L'audimat à mort
Hélène Risser
Hélène Risser, journaliste à Arrêt sur images, vient de publier un ouvrage dans la veine désormais classique de la dénonciation des turpitudes télévisuelles. Bien sûr, il y a un certain nombre de choses qu’on n’aime pas dans ce livre : son titre (!), le style journalistique (facile à lire, facile à oublier), l’anonymat des personnes interrogées. Mais il y a aussi de nombreuses informations et de nombreux témoignages sur deux sujets qui intéressent les bibliothécaires : la place de la culture à la télévision, d’une part ; la question de l’offre et de la demande, d’autre part. L’intérêt du livre est, aussi, de ne pas se focaliser sur TF1 ou sur la « télé-réalité ».
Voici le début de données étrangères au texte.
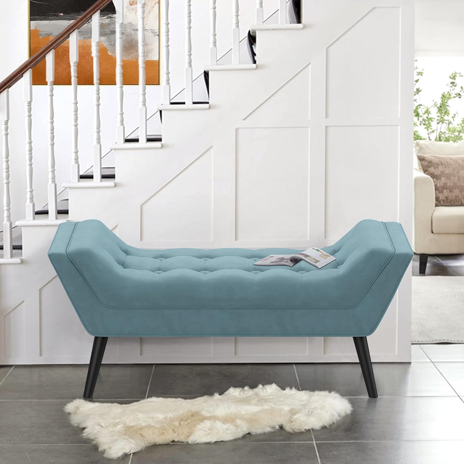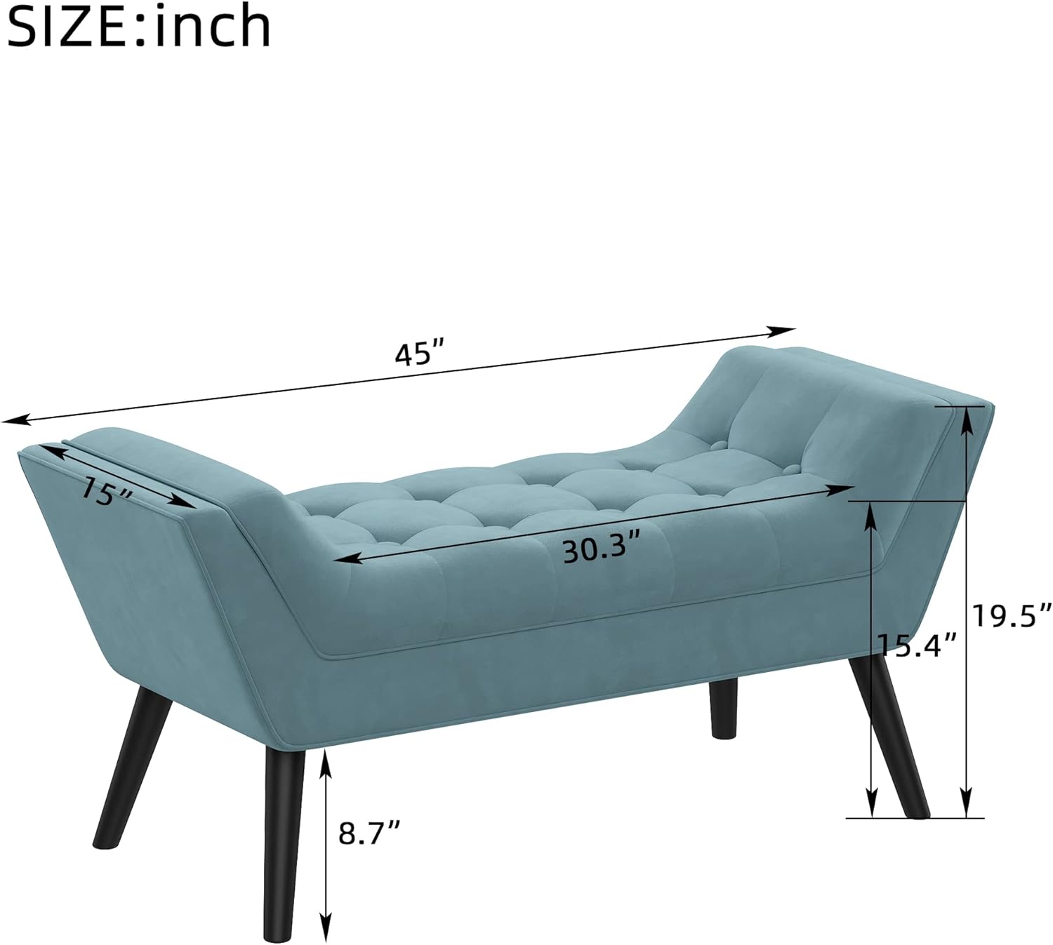 Apeaka Modern Button Tufted Bench for Bedroom/Living Room/Entryway/Hallway/Dining Room, Upholstered Velvet Bench Blue Fabric Specification: * Overall Size: 45"L * 15"D * 19.3"H * It is of modern style, can be greatly decorated your house. * It is suitable for any space of your home or entertainment, like bedroom, living room, dining room, entryway and hotel, also blends with a variety of decor. * Can be used in multiple room settings: as an ottoman, bench, coffee table, vanity chair, dressing chair, shoe stool. * The material of the bench is of good quality. It is soft and gives you comfortable seating experience. * Solid wood legs, keep them from sliding and scratching hardwood floors. Friendly Tips: * Please take note of the size when you place order. * There might be slightly different in color, because of the computer monitor settings. * Having any question about product and my company, we will be glad to help you.

On le sait, depuis la farce du « mieux-disant culturel », la culture c’est l’intruse à la télévision. Aucune émission culturelle sur M6, une seule sur TF1 (Vol de nuit, présentée par Patrick Poivre d’Arvor), une responsable de France 2 (Michèle Cotta, en 2001) affirmant sans sourciller : « De plus en plus souvent, le mot “émission culturelle” fait figure de repoussoir. » Dans les journaux télévisés de France 2, les sujets culturels représentaient 10 % en 1998 et moins de 4 % en 2002… Émissions culturelles, on le sait, qui sont de plus diffusées quand le public n’est pas devant le poste, « La nuit et l’été » pour reprendre le joli titre du rapport de Catherine Clément.
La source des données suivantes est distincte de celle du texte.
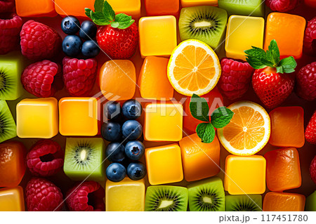 Fruit puzzle. Food background ,pattern. Variety of fruit cubes. Flat lay, top view. Generative Ai

« Anti-élitisme et proximité font désormais partie du fond de sauce », analyse Hélène Risser. Parce qu’ils sont supposés soutenir l’audience : pour attirer et fidéliser des annonceurs, « la télévision doit faire des succès prévisibles ». Pas d’audace, pas d’extraordinaire, rien de distant : du familier, des « sujets miroirs » où se reconnaissent les spectateurs. C’est d’abord vrai pour la fiction, mais pas seulement. C’est d’abord vrai pour TF1, mais pas seulement. Une analyse statistique du contenu d’Envoyé spécial montre une évolution nette vers des sujets « fédérateurs » comme on dit dans le jargon : de moins en moins de sujets économiques ou de sujets étrangers, de plus en plus de sujets « sociétaux » (la prostitution, les célibattantes, les nouveaux papas). Comme l’avoue ingénument Françoise Joly : « Si Envoyé spécial tombait à 10 ou 12 % de parts de marché, on ne pourrait pas rester en prime time, ça c’est sûr. » France 2, dit son directeur général Christopher Baldelli, « ne doit pas être une télévision élitiste ». Leur alibi ? Arte et France 5.
Les bibliothécaires n’ont pas cet alibi, eux qui doivent essayer de proposer une offre qui soit l’équivalent de France 2, France 3, France 5 et Arte réunies – plus toutes les radios de Radio France.